*** Opening of Extracted data ***

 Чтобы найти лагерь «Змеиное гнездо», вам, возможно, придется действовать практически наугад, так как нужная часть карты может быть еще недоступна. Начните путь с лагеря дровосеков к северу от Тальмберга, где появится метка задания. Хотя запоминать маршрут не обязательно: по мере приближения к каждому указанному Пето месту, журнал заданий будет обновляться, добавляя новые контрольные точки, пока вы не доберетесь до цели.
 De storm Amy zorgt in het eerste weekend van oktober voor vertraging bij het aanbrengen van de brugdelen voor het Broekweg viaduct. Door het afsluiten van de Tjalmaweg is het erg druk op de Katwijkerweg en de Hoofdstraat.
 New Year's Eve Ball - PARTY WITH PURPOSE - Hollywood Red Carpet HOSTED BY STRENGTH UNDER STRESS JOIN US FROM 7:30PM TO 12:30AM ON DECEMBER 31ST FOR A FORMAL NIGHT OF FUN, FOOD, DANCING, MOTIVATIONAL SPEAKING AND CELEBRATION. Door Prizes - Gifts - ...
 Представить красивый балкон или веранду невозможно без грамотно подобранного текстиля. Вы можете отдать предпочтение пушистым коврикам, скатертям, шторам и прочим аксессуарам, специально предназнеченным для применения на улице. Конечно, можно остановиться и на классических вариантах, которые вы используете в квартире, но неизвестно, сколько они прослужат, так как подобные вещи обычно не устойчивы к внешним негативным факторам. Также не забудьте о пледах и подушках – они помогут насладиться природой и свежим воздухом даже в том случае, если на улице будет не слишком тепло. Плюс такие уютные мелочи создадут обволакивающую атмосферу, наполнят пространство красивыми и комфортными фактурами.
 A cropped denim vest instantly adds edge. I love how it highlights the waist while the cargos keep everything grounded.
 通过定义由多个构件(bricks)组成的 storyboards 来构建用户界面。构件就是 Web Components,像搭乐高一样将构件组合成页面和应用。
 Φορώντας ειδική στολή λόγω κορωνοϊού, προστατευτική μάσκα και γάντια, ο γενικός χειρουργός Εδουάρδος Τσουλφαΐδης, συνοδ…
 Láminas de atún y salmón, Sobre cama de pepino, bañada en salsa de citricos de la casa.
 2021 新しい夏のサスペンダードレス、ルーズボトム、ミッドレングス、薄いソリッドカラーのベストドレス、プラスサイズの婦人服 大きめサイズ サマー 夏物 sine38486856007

*** Close of Extracted data ***

Task objective:
Beginning at the first line of the records, retype exactly every line up to and including the one with "De storm Amy".

Reply to the exercise:
 Чтобы найти лагерь «Змеиное гнездо», вам, возможно, придется действовать практически наугад, так как нужная часть карты может быть еще недоступна. Начните путь с лагеря дровосеков к северу от Тальмберга, где появится метка задания. Хотя запоминать маршрут не обязательно: по мере приближения к каждому указанному Пето месту, журнал заданий будет обновляться, добавляя новые контрольные точки, пока вы не доберетесь до цели.
 De storm Amy zorgt in het eerste weekend van oktober voor vertraging bij het aanbrengen van de brugdelen voor het Broekweg viaduct. Door het afsluiten van de Tjalmaweg is het erg druk op de Katwijkerweg en de Hoofdstraat.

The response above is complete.